There are many areas in Scotland where no such organisations exist, so that it is not unreasonable to suggest that the majority of tenants are not represented at any level, particularly those in remote or rural areas. As a registered tenants organisation is open to all residents, the interest and remit of such an organisation is wider than that relating to specific tenancy issues, where only tenant and landlord should be involved.
It is reasonable to suggest that there is currently no effective channel for tenants to participate in the management of social housing at local, regional or national level. A distinction must be made between resident, where the issues affect the community, and tenant, where the issues are specifically tenancy related.
This is particularly pertinent where the social landlord is the local authority. Examples can be given where a local authority is using funds from the Housing Revenue Account to support housing forums which include non-tenants. Again the more appropriate channel for this activity should be either through other channels of local authority activity or through community councils.
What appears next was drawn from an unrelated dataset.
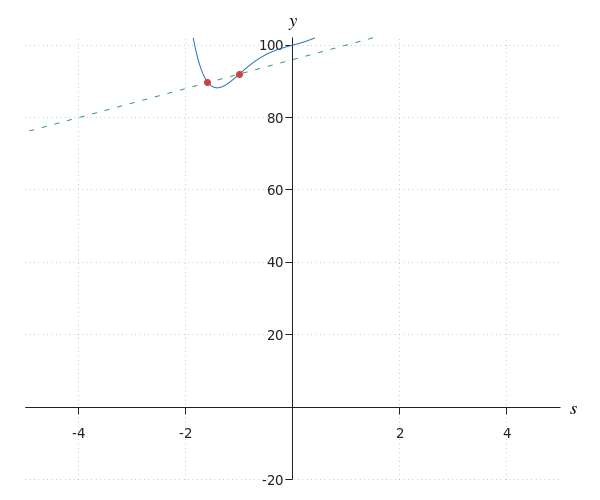 | Step 2 | We sketch the graphs #y=b^{10}+3\cdot b^5-7\cdot b+26# (blue) and #y=36-7\cdot b# (green dashed). ![]() |
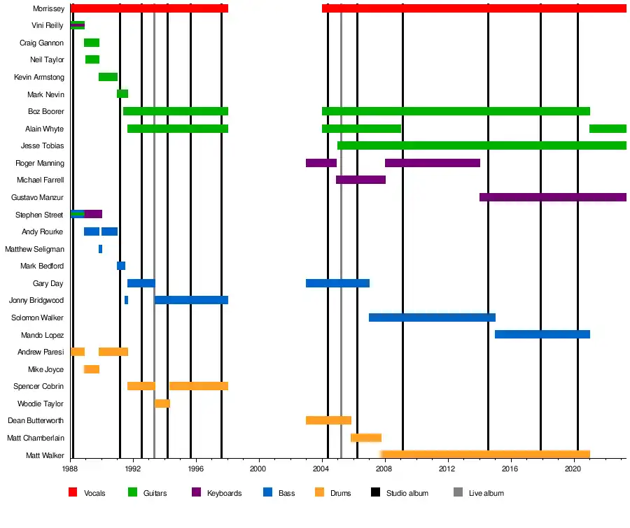 | Morrissey | 1988–present | lead vocals | All Morrissey releases |

A local authority may have a role as a social landlord and also have a role as a provider of social services and the distinction must be clear. Again it is worth noting that Communities Scotland accept that “Where an issue is solely tenancy related it would however be appropriate that only tenant members of the group are consulted and involved in the decision making process for that particular issue.”
This must be clearly understood by all local authorities. It is essential for the future of social housing in Scotland that effective tenant participation as well as consultation is encapsulated in the Charter.
One prospective outcome in the Discussion Paper suggests that rent levels are set in consultation with tenants. In many aspects of social housing management consultation should be a preliminary stage with any implementation of the proposals, which were the subject of a consultation, requiring participation by democratically elected representatives of all tenants of that social landlord at the time when any decision is made.
Without democratic tenant participation in the management of social housing the future of the Charter cannot be assured. Unlike the National Health Service there is the need for a single model of tenant participation to be set out in the Charter. At some point in the future this could form the basis for regional and national representation, replacing the current undemocratic organisations.
In the discussion paper the word tenant and resident are both used.
For example "Residents are content with how their landlord is dealing with anti-social behaviour problems on their estate". If their is multi-tenure on the estate this is not the responsibility of the landlord alone, only if the anti-social behaviour is caused by or related to a tenant of that landlord.
On page 19 of the Discussion Paper it is stated that the following pages provide examples of possible outcomes. As with any outcome it must be evidence based, which the wording must reflect. The above outcome is so loosely worded, that it does not constitute an outcome. For example, what evidence is required to show that residents are content, particularly if the problem is ongoing.